The result: Clearview failed at every single step. Not partially, not almost — completely. The outcome: over EUR 100M in penalties, bans in multiple countries, and the status of a canonical negative case study for AI ethics violations.
Reflect
Section titled “Reflect”Responsible AI is not a gate before launch — it’s a property of the entire process. Principles without enforcement are worthless. The EU AI Act makes this a regulatory obligation.
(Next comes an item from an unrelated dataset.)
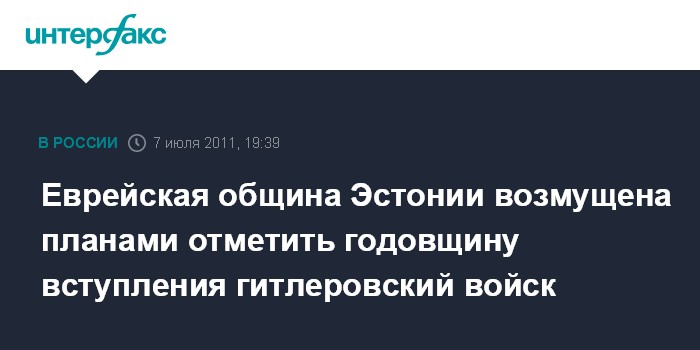 Таллин. 7 июля. INTERFAX.RU - Еврейская община Эстонии выразила недоумение и возмущение в связи с планами провести в пятницу в эстонском городе Вильянди (Viljandi) памятное мероприятие, посвященное 70-летию вступления в город войск нацистской Германии в 1941 году.

- “Publicly available” does not mean “free to exploit.” Clearview’s entire defense rested on a fallacy that every single regulator rejected. As a PM, you must validate legal assumptions — not pick the interpretation that is most convenient.
- Without internal resistance, there is no course correction. Clearview had no ethics board, no escalation path, nobody who could or would say no. Responsible AI requires institutionalized friction — processes that can stop a launch, not merely accompany one.
- Regulation is coming — the only question is whether you are prepared. Clearview built a product that falls into the highest prohibition category under the EU AI Act. Anyone who had run the Reality Check in 2019 would have seen this in five minutes. Over EUR 100M in fines later, the lesson is expensive but unambiguous.
- Negative examples teach more than principle PDFs. Clearview is proof: if you ignore every step of a Responsible AI framework, the world counts the consequences in nine-figure sums.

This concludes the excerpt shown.